### AVAILABLE DATA
----
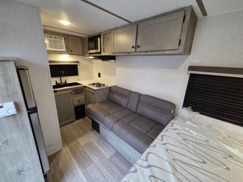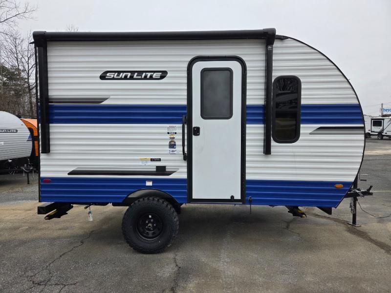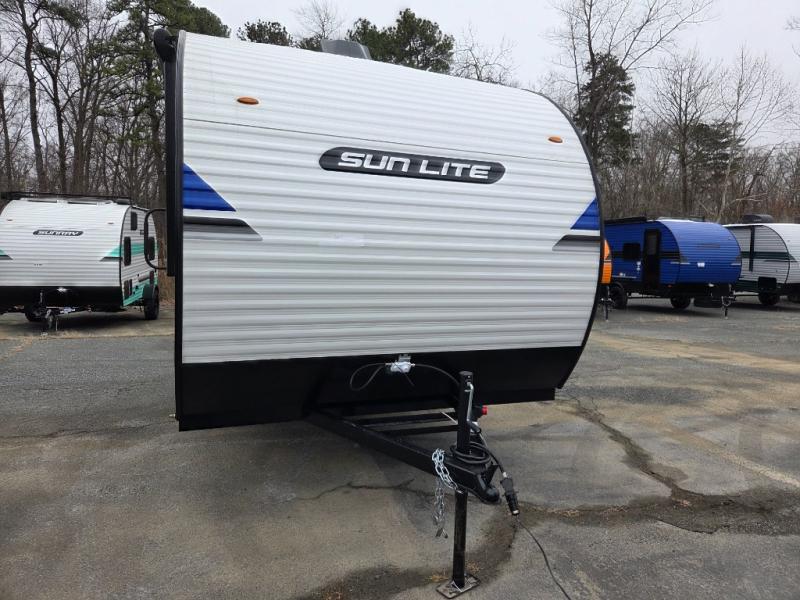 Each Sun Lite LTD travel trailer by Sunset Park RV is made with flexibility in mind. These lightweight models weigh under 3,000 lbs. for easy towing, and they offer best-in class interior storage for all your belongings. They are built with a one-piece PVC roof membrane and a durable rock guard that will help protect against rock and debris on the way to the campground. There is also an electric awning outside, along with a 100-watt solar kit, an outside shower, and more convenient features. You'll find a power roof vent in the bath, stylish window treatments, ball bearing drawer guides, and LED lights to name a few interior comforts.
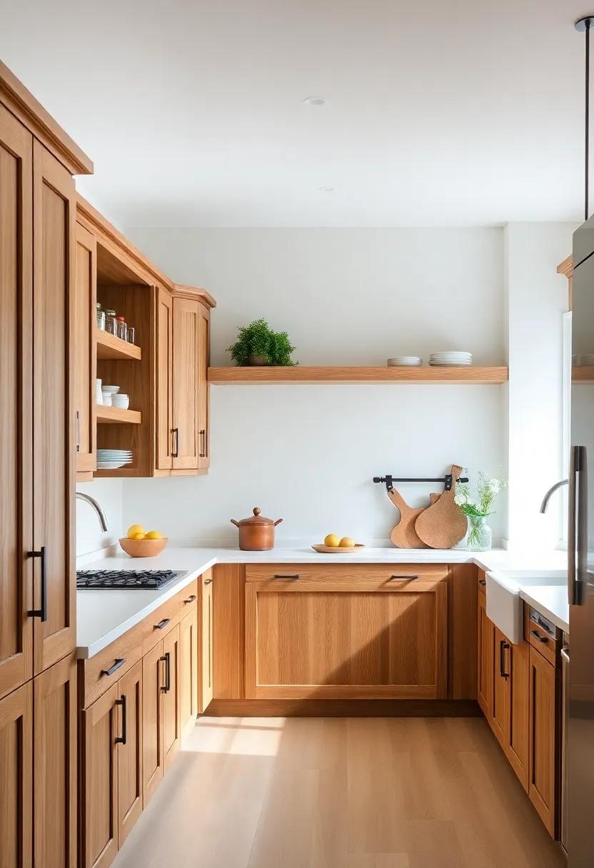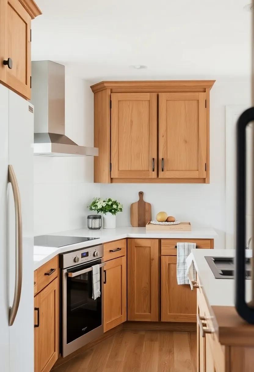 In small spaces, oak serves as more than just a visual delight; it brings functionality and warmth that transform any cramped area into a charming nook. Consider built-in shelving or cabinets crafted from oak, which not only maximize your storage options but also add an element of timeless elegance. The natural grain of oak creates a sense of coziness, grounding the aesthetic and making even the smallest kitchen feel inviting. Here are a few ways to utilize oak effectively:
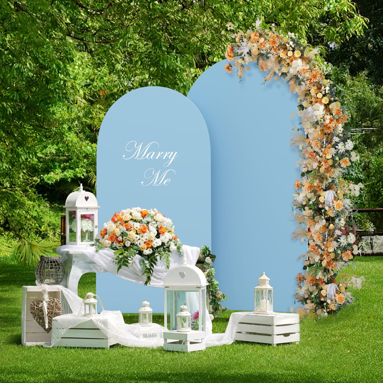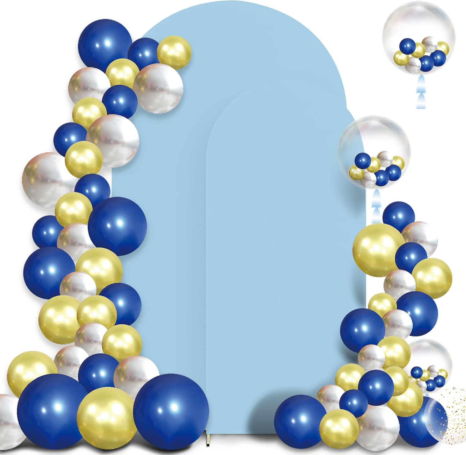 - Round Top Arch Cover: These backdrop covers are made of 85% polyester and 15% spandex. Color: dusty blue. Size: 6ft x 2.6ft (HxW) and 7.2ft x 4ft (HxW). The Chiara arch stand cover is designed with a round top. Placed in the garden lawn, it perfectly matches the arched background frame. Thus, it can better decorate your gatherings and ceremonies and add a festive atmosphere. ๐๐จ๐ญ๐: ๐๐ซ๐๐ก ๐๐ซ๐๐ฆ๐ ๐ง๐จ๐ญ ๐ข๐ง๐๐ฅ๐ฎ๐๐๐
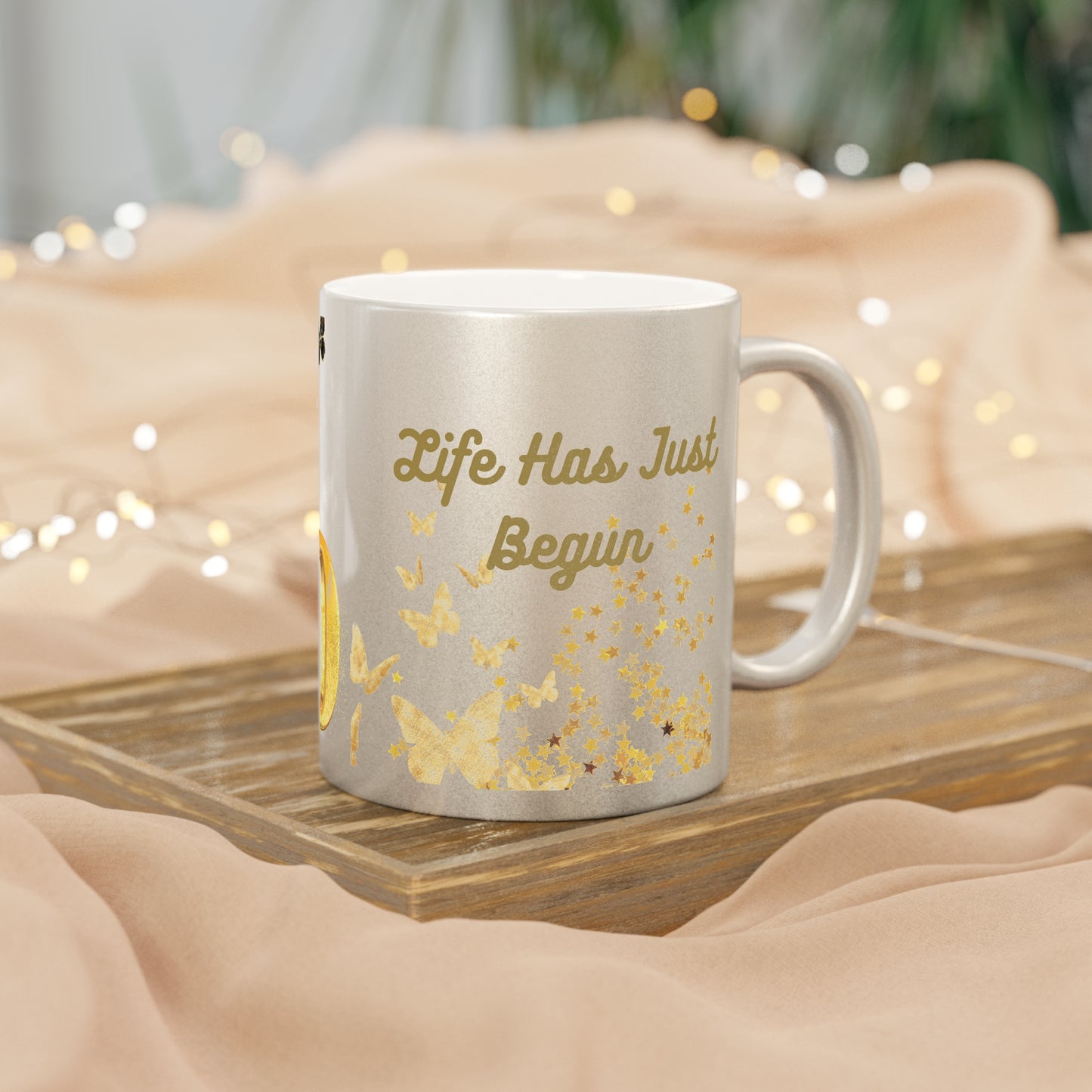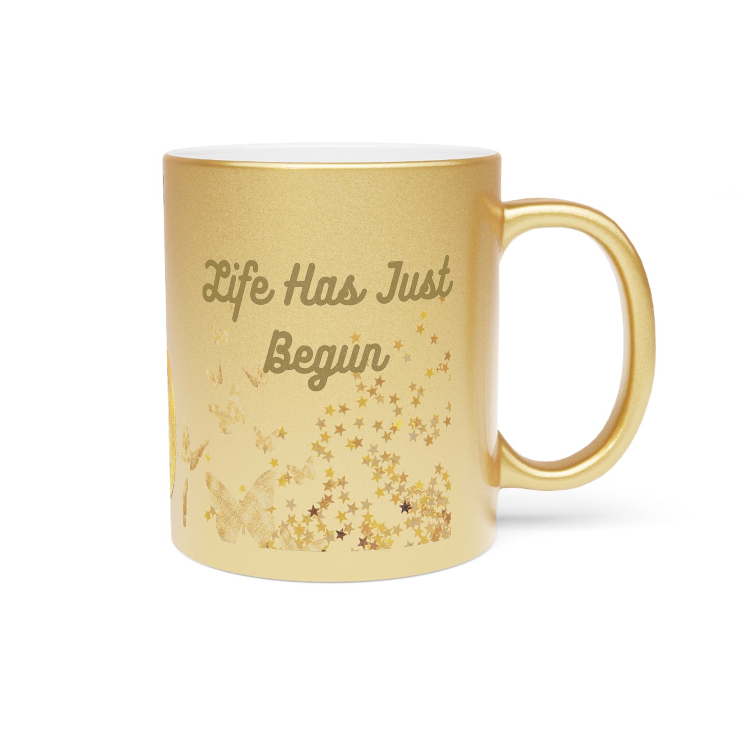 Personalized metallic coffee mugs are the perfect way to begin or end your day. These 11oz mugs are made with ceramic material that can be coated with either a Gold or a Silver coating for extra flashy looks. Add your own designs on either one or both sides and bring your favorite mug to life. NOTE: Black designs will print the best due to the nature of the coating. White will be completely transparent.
----
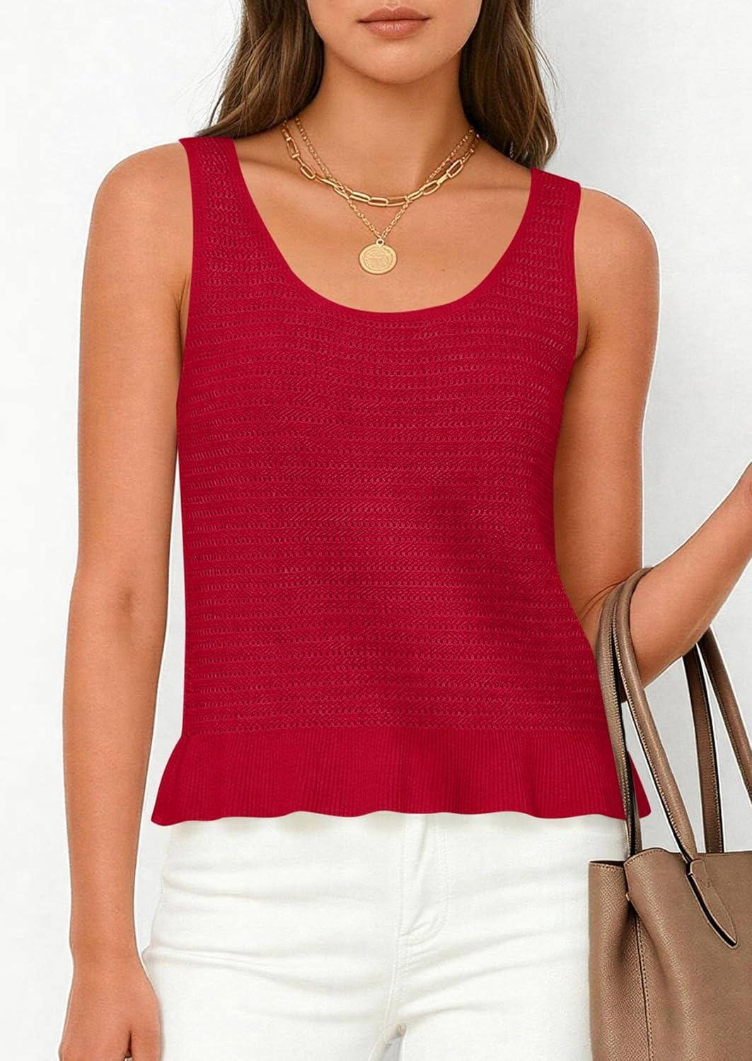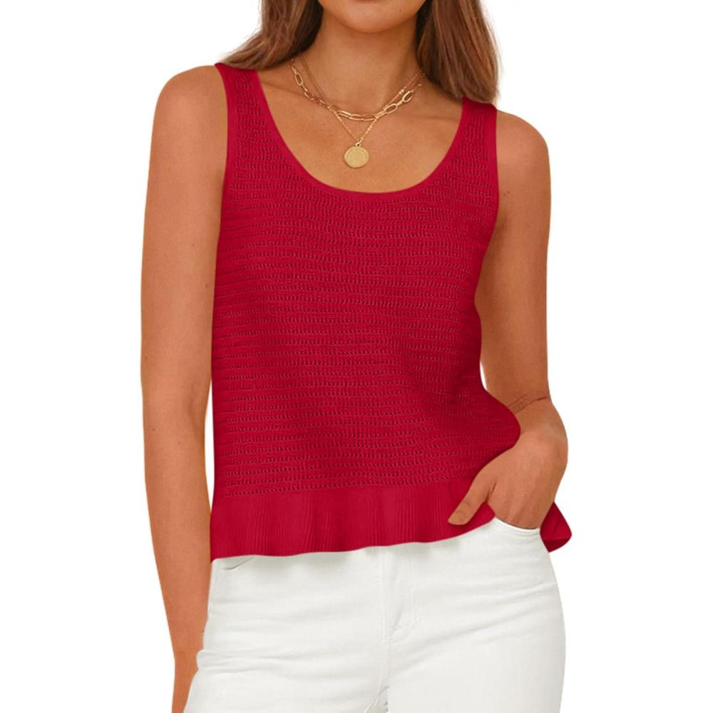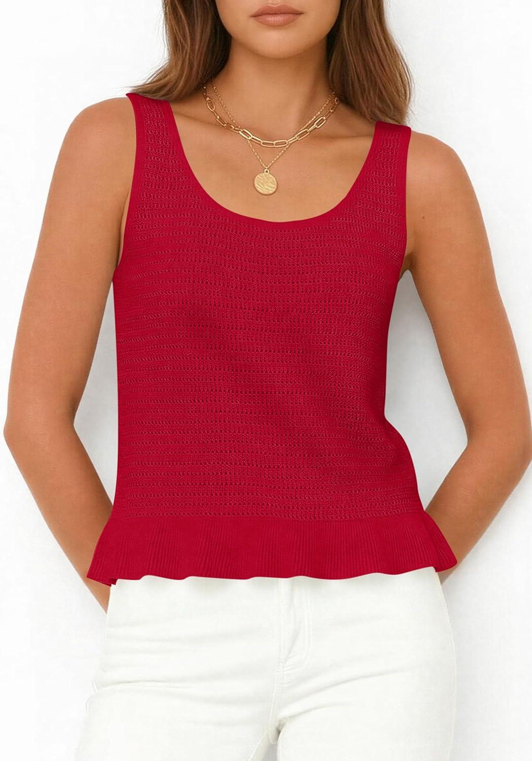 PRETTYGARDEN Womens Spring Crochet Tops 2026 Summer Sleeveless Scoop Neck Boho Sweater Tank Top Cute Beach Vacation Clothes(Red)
----
### PROBLEM DESCRIPTION
What you return must match the lines above from the one with "Each Sun Lite" through the one with "Personalized metallic coffee" exactly, with both ends included and the pictures excluded.

### OUTPUT OF THE TASK
 Each Sun Lite LTD travel trailer by Sunset Park RV is made with flexibility in mind. These lightweight models weigh under 3,000 lbs. for easy towing, and they offer best-in class interior storage for all your belongings. They are built with a one-piece PVC roof membrane and a durable rock guard that will help protect against rock and debris on the way to the campground. There is also an electric awning outside, along with a 100-watt solar kit, an outside shower, and more convenient features. You'll find a power roof vent in the bath, stylish window treatments, ball bearing drawer guides, and LED lights to name a few interior comforts.
 In small spaces, oak serves as more than just a visual delight; it brings functionality and warmth that transform any cramped area into a charming nook. Consider built-in shelving or cabinets crafted from oak, which not only maximize your storage options but also add an element of timeless elegance. The natural grain of oak creates a sense of coziness, grounding the aesthetic and making even the smallest kitchen feel inviting. Here are a few ways to utilize oak effectively:
 - Round Top Arch Cover: These backdrop covers are made of 85% polyester and 15% spandex. Color: dusty blue. Size: 6ft x 2.6ft (HxW) and 7.2ft x 4ft (HxW). The Chiara arch stand cover is designed with a round top. Placed in the garden lawn, it perfectly matches the arched background frame. Thus, it can better decorate your gatherings and ceremonies and add a festive atmosphere. ๐๐จ๐ญ๐: ๐๐ซ๐๐ก ๐๐ซ๐๐ฆ๐ ๐ง๐จ๐ญ ๐ข๐ง๐๐ฅ๐ฎ๐๐๐
 Personalized metallic coffee mugs are the perfect way to begin or end your day. These 11oz mugs are made with ceramic material that can be coated with either a Gold or a Silver coating for extra flashy looks. Add your own designs on either one or both sides and bring your favorite mug to life. NOTE: Black designs will print the best due to the nature of the coating. White will be completely transparent.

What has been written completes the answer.